A survey of 406 firms by Belfast Chamber found 71% are pessimistic about the city’s short-term prospects.

It’s the latest survey carried out by the business body in conjunction with Belfast City Council.

Belfast Chamber chief executive Simon Hamilton said it paints “a pretty bleak picture” for business conditions in the city.

“Whilst trading and profitability have both been strong over the past six months, there has been a stark drop in confidence for the time ahead,” he said.

The survey found that firms are less pessimistic when asked about the prospects of their own business or sector.

Just 44% believe their own business will get worse in the coming next months, with 35% predicting similar trading conditions, while 20% expect an improved picture.

But pessimism surged when asked about the city’s prospects as a whole.

“With 99% of businesses seeing fuel and electricity costs rising and other costs also on the rise, coupled with a considerable number of issues around recruiting staff reflected in the survey results, it is easy to see why optimism amongst Belfast businesses has declined,” said Mr Hamilton.
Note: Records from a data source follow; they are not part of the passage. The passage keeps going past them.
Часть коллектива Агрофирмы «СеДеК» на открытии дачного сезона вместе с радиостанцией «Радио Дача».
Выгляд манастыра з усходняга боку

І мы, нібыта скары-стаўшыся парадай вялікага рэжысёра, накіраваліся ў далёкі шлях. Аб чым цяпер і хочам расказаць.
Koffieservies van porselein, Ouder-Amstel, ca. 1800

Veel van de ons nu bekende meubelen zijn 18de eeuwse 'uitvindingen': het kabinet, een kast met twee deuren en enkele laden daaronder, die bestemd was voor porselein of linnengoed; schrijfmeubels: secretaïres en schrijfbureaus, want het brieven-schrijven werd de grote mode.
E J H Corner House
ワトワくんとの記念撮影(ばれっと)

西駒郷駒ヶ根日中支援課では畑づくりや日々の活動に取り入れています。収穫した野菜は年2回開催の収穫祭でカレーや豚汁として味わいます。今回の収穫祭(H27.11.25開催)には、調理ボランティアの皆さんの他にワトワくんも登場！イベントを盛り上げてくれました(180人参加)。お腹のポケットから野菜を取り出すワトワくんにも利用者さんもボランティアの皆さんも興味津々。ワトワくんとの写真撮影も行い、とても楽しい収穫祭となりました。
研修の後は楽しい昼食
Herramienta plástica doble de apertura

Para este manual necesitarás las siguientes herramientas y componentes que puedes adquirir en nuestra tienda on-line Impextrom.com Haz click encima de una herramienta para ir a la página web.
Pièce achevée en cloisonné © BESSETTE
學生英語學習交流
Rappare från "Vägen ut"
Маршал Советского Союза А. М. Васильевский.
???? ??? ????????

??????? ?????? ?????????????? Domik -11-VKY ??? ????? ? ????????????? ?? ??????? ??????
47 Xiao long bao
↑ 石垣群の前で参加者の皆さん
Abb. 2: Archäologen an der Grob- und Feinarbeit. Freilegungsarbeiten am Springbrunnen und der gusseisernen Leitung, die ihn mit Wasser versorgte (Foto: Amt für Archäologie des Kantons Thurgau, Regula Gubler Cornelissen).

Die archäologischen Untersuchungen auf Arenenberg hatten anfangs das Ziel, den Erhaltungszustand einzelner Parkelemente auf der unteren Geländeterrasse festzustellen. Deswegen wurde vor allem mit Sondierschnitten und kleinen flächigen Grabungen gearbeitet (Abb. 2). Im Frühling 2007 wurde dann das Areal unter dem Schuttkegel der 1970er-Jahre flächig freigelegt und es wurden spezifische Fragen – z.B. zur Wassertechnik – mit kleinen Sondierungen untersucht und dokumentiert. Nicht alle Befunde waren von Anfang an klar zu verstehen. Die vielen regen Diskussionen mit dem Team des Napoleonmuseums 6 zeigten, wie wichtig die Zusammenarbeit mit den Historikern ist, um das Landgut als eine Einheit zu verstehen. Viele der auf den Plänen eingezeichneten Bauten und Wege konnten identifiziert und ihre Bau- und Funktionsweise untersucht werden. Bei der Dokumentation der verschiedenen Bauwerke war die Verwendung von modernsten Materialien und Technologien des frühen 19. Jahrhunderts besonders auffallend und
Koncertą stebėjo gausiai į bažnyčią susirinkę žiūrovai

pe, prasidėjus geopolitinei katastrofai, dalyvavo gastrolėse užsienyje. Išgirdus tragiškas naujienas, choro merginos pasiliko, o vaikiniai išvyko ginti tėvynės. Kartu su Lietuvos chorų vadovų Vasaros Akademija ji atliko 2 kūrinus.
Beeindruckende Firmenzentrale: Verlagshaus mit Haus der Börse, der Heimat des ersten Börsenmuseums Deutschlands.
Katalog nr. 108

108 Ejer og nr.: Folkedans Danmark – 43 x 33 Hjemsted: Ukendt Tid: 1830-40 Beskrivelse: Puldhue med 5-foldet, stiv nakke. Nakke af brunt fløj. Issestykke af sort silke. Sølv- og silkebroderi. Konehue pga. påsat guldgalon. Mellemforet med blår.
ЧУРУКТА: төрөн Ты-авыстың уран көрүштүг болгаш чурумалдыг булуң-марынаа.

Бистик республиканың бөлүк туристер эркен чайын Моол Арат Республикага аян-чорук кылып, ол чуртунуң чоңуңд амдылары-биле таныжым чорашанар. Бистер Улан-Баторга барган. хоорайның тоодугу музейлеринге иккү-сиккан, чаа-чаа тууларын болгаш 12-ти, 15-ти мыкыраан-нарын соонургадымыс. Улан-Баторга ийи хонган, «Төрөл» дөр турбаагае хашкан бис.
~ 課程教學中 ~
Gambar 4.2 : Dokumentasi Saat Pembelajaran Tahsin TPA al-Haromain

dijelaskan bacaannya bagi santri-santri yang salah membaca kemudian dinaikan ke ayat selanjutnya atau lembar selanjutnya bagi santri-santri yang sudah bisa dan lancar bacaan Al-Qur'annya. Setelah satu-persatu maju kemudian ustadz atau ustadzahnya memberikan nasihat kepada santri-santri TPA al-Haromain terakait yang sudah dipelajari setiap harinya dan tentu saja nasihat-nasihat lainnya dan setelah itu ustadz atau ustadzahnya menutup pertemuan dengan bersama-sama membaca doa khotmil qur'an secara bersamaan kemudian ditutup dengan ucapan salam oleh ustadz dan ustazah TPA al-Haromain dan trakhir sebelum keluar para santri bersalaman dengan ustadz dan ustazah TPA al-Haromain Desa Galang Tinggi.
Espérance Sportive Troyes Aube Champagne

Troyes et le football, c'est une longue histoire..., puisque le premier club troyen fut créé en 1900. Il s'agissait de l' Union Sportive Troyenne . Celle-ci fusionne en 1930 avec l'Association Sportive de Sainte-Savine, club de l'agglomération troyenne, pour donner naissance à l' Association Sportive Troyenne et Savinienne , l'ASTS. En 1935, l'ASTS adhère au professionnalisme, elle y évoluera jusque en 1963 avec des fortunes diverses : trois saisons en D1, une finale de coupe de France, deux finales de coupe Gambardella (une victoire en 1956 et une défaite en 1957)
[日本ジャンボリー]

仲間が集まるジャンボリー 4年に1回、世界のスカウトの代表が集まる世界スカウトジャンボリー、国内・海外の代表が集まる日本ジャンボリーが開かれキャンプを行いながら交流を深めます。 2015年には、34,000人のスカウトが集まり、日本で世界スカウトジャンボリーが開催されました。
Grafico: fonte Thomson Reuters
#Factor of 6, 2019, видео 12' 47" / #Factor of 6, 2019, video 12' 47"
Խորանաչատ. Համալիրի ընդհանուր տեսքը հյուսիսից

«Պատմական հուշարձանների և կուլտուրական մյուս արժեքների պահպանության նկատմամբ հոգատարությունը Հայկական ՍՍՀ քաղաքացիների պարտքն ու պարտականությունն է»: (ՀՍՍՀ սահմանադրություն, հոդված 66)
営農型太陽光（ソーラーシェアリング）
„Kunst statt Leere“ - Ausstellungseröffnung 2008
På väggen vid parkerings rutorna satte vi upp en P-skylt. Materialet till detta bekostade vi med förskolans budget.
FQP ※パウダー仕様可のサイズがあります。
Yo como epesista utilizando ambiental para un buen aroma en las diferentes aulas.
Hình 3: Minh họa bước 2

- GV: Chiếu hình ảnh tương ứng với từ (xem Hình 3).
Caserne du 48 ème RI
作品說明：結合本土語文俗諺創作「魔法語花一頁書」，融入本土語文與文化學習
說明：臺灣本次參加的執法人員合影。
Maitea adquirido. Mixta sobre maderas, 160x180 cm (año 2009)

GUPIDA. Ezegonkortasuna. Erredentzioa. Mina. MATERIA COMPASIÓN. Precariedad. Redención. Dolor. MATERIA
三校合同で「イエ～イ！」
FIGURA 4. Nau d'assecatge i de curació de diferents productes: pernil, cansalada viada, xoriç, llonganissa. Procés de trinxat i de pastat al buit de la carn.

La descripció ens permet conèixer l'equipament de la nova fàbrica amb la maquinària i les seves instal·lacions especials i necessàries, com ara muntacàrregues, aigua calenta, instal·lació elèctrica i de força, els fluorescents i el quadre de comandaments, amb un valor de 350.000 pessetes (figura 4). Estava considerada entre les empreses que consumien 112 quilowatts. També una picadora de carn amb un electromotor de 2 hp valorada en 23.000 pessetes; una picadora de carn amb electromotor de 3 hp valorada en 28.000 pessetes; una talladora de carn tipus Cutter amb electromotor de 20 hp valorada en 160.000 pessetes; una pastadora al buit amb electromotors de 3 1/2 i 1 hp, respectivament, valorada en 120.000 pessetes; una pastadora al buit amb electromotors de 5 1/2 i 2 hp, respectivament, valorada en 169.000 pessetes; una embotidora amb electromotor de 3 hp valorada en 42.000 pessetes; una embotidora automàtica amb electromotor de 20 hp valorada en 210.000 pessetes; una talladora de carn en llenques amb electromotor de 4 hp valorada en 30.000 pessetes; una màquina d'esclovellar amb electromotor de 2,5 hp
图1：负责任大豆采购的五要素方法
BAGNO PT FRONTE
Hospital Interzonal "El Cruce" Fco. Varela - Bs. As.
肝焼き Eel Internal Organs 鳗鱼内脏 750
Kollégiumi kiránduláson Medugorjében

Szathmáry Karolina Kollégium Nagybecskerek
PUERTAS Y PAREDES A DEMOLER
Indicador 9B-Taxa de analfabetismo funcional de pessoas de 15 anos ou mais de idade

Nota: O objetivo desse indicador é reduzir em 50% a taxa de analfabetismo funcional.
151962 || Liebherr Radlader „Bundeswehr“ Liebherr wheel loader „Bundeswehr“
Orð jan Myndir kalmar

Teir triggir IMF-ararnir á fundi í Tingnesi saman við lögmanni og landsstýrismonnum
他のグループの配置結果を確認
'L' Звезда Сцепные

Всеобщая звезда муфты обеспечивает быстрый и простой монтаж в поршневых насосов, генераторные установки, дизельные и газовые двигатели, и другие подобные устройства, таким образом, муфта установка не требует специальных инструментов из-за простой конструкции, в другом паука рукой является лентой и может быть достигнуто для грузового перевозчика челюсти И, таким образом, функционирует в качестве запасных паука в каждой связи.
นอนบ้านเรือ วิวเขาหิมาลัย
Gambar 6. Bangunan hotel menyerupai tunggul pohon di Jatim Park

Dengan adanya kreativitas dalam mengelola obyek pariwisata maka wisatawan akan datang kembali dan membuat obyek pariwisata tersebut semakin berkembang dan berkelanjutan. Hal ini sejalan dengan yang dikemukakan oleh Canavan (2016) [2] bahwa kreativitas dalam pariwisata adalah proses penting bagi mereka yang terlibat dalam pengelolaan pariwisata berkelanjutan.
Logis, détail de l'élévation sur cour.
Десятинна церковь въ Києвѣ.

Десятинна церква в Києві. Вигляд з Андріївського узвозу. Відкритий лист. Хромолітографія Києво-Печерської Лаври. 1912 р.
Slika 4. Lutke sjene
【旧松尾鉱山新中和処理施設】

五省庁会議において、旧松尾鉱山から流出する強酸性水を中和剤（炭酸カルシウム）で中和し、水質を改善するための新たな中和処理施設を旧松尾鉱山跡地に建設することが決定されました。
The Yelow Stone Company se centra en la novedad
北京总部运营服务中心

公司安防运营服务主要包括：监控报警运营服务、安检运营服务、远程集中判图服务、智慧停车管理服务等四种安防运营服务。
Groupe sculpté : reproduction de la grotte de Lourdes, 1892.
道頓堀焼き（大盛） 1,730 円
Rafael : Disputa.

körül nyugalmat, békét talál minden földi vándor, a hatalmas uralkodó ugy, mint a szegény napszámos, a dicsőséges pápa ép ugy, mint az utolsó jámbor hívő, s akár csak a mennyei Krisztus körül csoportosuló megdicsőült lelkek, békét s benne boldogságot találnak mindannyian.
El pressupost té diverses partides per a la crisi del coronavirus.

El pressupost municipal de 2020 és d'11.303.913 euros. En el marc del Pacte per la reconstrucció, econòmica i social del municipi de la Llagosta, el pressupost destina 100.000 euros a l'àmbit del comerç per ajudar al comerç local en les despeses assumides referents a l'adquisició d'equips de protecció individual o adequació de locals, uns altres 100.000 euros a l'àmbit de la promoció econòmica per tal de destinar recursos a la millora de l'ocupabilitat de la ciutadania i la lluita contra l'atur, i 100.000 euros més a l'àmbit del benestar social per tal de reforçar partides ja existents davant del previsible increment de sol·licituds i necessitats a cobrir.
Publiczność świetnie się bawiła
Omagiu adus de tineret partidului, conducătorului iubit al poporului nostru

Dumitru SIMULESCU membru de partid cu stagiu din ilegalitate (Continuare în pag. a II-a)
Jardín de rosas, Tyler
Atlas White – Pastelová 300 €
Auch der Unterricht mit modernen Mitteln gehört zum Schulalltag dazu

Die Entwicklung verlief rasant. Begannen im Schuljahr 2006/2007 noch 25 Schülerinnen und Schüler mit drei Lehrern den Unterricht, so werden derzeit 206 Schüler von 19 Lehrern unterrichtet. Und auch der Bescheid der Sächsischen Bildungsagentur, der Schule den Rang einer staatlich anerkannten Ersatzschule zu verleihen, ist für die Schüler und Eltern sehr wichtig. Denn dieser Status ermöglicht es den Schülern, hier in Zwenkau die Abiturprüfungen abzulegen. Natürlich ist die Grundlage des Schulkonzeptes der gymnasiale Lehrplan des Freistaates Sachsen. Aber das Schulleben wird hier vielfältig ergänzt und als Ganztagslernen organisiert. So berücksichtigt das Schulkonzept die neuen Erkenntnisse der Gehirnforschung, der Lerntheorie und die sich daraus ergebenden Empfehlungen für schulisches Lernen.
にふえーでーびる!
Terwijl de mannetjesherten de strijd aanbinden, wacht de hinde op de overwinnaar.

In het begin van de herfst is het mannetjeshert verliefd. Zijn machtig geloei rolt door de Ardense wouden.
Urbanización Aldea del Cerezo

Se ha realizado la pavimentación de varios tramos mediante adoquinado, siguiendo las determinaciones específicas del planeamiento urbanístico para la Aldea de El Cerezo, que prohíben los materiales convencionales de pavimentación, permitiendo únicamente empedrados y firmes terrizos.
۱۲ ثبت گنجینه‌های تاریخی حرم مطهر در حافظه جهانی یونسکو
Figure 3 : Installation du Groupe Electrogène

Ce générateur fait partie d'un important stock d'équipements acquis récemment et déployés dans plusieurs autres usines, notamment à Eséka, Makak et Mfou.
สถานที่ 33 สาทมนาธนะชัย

Elsewhere, the new survey showed the very mixed experience of businesses under Brexit and the Northern Ireland Protocol.

One-in-three felt their business has been negatively disrupted by Brexit, while 30% said it had no impact.

Of the 106 Belfast businesses trading in the Republic, 36% reported increased profitability in the past six months and 42% of the 41 firms trading with the rest of the EU also reported higher half year profits.

Simon Hamilton said businesses in Belfast have continued to exhibit an ability to weather whatever storm they may face.

“Although it seems that the impact of the pandemic has receded, it has been replaced by a whole host of new challenges,” he said.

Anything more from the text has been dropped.